But I wanted to have time to stop by the library and pick up a book that's on reserve for me, before they send it back, and I think Lut wants to stop by Costco to get some essentials.
Really, I just want to be less stressed about work. I can't remember the last time I got this tense over my job. What really annoys me about it is that I shouldn't let work bother me. (Is this a vicious cycle? Being annoyed that I'm annoyed? Could be. Better watch that.) Work is probably one of the least important forces in my life. Any one of a dozen friends has the power to hurt me a lot more than my job can -- the worst they can do is fire me. Unemployment doesn't scare me. I suppose it should, but it doesn't. I have a little savings. I could get by for a couple of years until I got another job, if I had to. In the grand scheme of things, meeting my monthly deadlines on Prophecy is probably more important to me.
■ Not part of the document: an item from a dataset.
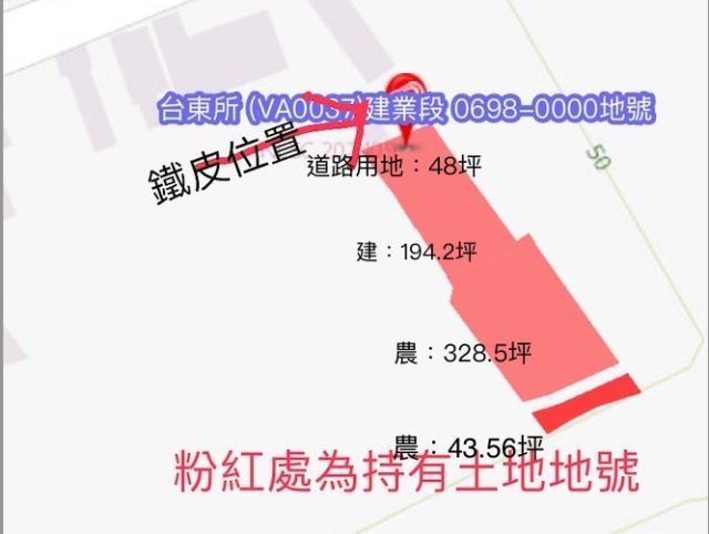 台東知本火車站重劃區內 ~土地大優惠現推出位於台東知本火車站重劃區的優質土地,總面積達 614.39坪,無論是自用還是投資皆具超高潛力!此土地綜合涵蓋道路用地、建地及農業用地,土地用途多樣,適合各類需求。該地段位於台東知本火車站重劃區內,交通便利,區域發展潛力極高,未來將成為當地發展的重點區域。特色亮點:總面積:614.39坪,可靈活規劃開發。土地用途包括 道路用地、建地及農業用地,適合各類型需求。地處台東知本火車站重劃區,交通方便,未來升值空間大。坪數大,開價比市面低,物超所值,無論是自用或投資皆為難得機會!若您正在尋找高潛力的土地,這塊位於台東知本的土地無疑是您最佳選擇。

And it's not as if the bank would fire me over, well, pretty much anything that I'd actually do. I mean, if I embezzled money or attacked my coworkers, or something of that nature, I'm sure they'd fire me -- but those aren't things I'd do. The worst I'm going to do is get something wrong. Put one of these umpteen loans down on a report for the wrong amount. Forget to update a figure. Little stuff like that. Very little stuff. Or maybe I won't finish a report in time; well, no, I'm only doing these two and they're already roughly done, so the worst I'm going to do is mess up and not have them done right with all the correct final figures in them. I'm sure that will be bad. I'd probably be mildly reproached for it. But ... um. So what? So I'll learn from my mistakes, get more practice at it, and be better next time. No big deal.
So why can't I just relax? Why do I feel wound up tighter than one of Vinnie's ringlets? Ah, well. This too shall pass.